1946 U.S. Tax Ct. LEXIS 77 | Tax Ct. | 1946
Lead Opinion
OPINION.
In the 1929 trusts for decedent’s three children, decedent had the discretionary power, so long as he acted as trustee, to distribute, or to accumulate and add to corpus, all or any part of the income as he saw fit. Respondent contends that this power amounted to a right to designate the persons who should possess or enjoy the property or the income therefrom, and that, since decedent, by acting as sole trustee throughout his life, retained the right until the moment of his death, section 811 (c) of the code requires the inclusion in the gross estate of the value of at least so much of the property as was transferred to the trusts after March 3, 1931. Respondent further contends that decedent also had the right to expend corpus for the benefit of income beneficiaries in case of sickness or other emergency, and that it amounted to a power to alter, amend, or revoke within the meaning of section 811 (d) (2), thus bringing into the gross estate the value of the entire corpora of the trusts.

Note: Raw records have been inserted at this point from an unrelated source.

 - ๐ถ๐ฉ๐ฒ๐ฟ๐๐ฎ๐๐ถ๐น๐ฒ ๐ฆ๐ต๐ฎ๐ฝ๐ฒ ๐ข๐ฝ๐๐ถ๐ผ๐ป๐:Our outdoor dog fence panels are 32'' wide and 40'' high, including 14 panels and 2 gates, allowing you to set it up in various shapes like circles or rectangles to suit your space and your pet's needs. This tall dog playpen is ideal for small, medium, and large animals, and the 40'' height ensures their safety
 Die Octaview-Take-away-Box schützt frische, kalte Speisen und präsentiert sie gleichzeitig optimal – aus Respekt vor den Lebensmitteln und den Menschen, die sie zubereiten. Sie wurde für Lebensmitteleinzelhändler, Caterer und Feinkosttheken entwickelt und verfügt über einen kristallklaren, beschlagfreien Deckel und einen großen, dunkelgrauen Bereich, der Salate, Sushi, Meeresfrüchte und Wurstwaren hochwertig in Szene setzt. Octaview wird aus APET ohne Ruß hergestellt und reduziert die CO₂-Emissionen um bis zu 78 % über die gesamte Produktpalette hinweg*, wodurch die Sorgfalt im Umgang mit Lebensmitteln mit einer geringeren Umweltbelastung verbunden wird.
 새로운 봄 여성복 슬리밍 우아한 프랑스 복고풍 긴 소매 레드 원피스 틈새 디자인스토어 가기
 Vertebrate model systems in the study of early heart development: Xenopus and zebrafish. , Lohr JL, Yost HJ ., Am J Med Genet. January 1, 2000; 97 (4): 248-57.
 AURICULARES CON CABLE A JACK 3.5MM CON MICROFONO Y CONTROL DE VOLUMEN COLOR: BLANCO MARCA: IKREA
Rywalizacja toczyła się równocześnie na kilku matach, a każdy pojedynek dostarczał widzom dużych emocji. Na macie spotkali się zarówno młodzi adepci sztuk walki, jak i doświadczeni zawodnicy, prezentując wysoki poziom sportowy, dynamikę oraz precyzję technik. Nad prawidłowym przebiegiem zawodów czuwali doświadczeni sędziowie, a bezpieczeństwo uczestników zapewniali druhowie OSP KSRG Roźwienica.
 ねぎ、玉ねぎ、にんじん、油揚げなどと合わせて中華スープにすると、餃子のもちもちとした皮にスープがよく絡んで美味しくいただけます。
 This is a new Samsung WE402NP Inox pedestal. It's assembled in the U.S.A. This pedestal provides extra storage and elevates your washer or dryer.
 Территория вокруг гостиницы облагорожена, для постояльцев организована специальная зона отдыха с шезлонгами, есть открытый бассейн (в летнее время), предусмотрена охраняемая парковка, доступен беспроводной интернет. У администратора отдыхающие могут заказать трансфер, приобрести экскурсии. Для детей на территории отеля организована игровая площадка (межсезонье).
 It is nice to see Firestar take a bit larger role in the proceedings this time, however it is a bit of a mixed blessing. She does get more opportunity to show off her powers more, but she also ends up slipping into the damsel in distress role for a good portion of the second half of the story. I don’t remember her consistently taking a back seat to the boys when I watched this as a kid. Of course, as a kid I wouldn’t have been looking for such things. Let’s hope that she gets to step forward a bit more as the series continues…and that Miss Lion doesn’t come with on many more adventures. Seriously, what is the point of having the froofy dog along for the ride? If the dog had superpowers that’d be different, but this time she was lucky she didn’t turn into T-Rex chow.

The pertinent portions of section 811 (c) and (d) (2) are set out in the margin.
Respondent’s argument as to decedent’s power to invade the corpus is predicated upon the third paragraph of article second of the trust instrument. Petitioner contends that decedent did not have that power, but that it was intended only for a successor trustee. Though there is considerable merit in petitioner’s contention, we deem it unnecessary to decide the debatable question as to whether decedent had the power. Assuming for present purposes that he did, we think, nevertheless, it is not properly characterizable as a power to “alter, amend or revoke” within the meaning of section 811 (d) (2). It is obvious that the power in question gave the trustee no absolute and arbitrary control over the corpus. On the contrary, it was conditional and limited. A definite standard — the sickness or other emergency of the respective beneficiaries — was provided to govern its exercise. Furthermore, its exercise could in no way inure to the benefit of the decedent.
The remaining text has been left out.